На протяжении всего нашего визита этот мир пребывал в ужасном смятении. На «отсталых» океанах старая система оставалась незыблемой, но во всех «развитых» регионах велась ожесточенная борьба. На одном большом архипелаге произошла социальная революция, в результате которой к власти пришли рабочие фанатики, пытавшиеся посредством безжалостной диктатуры организовать жизнь общества таким образом, чтобы уже следующее поколение представляло собой новый единый тип, сочетающий лучшие черты, как рабочих, так и аристократов. В других местах хозяева убедили трудящихся в низменности и лживости новых идей, которые обязательно должны были привести к всеобщей бедности и страданиям. Был сделан ловкий ход: распущены смутные, но упорные слухи, будто «материалистическая наука» поверхностна и, вообще, ведет не туда, а механизированная цивилизация уничтожает духовный потенциал расы. Мастерски пропагандировалась идея некоего корпоративного государства «левого и правого бортов». Равновесие между ними должен был поддерживать любимый народом диктатор, обретающий власть «по божественному праву и воле народа».
Нет нужды рассказывать о той отчаянной борьбе, которая развернулась между обществами разных типов. Открытое море и прибрежные воды окрасились кровью мировых войн. Война велась насмерть, и все лучшие, человечные и благородные порывы были раздавлены военной необходимостью. На одной стороне линии фронта – жажда единого мира, в котором каждый индивидуум сможет жить свободной, общественно полезной, полноценной жизнью, уступила место стремлению наказать шпионов, предателей и еретиков. На другой – смутное и, к сожалению, направленное в неверное русло стремление к более возвышенной и менее меркантильной жизни – было ловко трансформировано реакционными лидерами в чувство мести по отношению к революционерам.

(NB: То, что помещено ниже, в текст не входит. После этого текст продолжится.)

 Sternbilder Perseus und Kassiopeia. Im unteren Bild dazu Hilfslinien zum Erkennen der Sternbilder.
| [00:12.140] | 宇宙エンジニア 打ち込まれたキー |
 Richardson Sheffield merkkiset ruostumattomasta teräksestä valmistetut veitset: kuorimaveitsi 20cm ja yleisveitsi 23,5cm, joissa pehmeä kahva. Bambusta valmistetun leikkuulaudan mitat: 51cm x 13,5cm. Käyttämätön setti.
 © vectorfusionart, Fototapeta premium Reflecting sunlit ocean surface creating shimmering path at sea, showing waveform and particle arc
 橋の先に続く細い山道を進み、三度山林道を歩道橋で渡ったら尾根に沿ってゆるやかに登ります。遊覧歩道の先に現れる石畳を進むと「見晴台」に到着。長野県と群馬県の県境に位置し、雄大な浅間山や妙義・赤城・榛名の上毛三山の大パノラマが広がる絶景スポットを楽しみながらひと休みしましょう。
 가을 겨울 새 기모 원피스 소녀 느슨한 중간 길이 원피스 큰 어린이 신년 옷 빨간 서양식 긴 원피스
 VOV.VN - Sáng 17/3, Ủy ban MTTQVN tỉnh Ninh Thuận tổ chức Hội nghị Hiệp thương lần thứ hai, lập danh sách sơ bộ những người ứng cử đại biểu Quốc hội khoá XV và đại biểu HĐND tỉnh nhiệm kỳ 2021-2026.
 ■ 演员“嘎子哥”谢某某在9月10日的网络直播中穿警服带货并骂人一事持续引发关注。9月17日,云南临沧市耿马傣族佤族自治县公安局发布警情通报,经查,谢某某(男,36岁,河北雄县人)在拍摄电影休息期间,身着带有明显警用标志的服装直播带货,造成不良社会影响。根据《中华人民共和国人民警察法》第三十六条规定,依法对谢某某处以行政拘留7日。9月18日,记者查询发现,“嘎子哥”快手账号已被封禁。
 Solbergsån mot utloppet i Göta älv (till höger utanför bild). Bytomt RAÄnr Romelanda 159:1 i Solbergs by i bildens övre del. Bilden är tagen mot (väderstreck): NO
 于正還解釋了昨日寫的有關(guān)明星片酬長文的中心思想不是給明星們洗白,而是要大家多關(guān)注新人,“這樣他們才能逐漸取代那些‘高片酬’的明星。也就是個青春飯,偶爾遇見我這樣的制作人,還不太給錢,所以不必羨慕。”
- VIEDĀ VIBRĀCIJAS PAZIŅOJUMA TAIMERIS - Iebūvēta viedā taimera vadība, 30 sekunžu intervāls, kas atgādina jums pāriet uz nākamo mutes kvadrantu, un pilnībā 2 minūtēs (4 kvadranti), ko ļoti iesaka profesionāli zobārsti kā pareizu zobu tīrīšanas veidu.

Материальная ткань цивилизации очень быстро была разорвана в клочья. Только когда раса опустилась до уровня почти нечеловеческой жестокости, когда все безумные традиции, равно как и подлинная культура больной цивилизации были уничтожены – дух этих «людей-кораблей» снова смог отправиться в свое великое путешествие. Спустя многие тысячи лет, этот мир вырвался на высший план бытия, о котором я, по-прежнему, могу только гадать.